Nor do these programs work in practice. Instead, they breed discontent between communities and law enforcement. Community members from pilot cities have described living under an umbrella of fear where their right to privacy is all but lost and the First Amendment is nothing but a fleeting promise. This is hardly a recipe for effective policing and community engagement. Muslim American community leaders should be the servants of the youth, not the confidential informants of law enforcement.
Today’s countering violent extremism programs also stigmatize Islam and fuel Islamophobia.
That’s because these programs focus almost exclusively on violent extremism emanating from Muslim American communities and ignore threats arising from other communities. As we saw most recently in Charleston, South Carolina, violent extremism isn’t the exclusive province of any one group, faith or nation. Any person could potentially lay claim to it.
As a Sikh American, I know this all too well.
In 2012, a neo-Nazi stormed a Sikh temple in Oak Creek, Wisconsin, and killed six Sikh Americans. Three years later, no commission has been convened and no investigation conducted into the specific threat posed by white supremacists and neo-Nazis.
Instead, law enforcement’s myopic focus on Muslim American violent extremism fosters alienation and disenfranchisement in these communities – the very sentiments that push vulnerable youth into the open and waiting arms of violent extremists.

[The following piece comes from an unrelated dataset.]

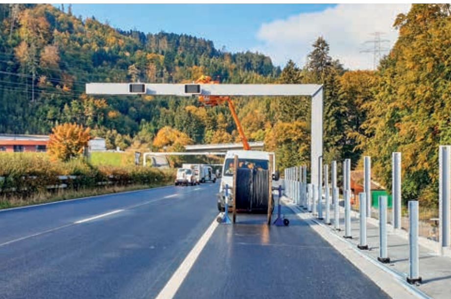
Installationsarbeiten auf der A8 östlich des Rugentunnels.

Dieses Jahr wurden auf der A8 im Abschnitt Interlaken-West-Interlaken-Ost sowie beim Soliwaldtunnel umfangreiche Eingriffe abgeschlossen. Die Infrastruktur ist dort nun auf dem neusten Stand und bietet insbesondere auch ein höheres Sicherheitsniveau.

The U.S. is undoubtedly at war with violent extremism. But the solution isn’t doubling down on law enforcement, which already has a large presence in these communities, or asking community leaders to do their bidding. It’s through greater economic opportunity, after-school programs, anti-bullying legislation and a culture of inclusion rather than exclusion – a culture in which Muslim and Arab Americans are celebrated as part of the American experience rather than denigrated as a stain on it.
What’s at stake is nothing short of a free society, in which all Americans have an equal claim to the Bill of Rights, not just those who look a certain way or practice their faith a certain way. In times of fear, it’s easy to claim exigency and exceptions to the rule of law. The tougher and right choice is to renew our nation’s founding principles.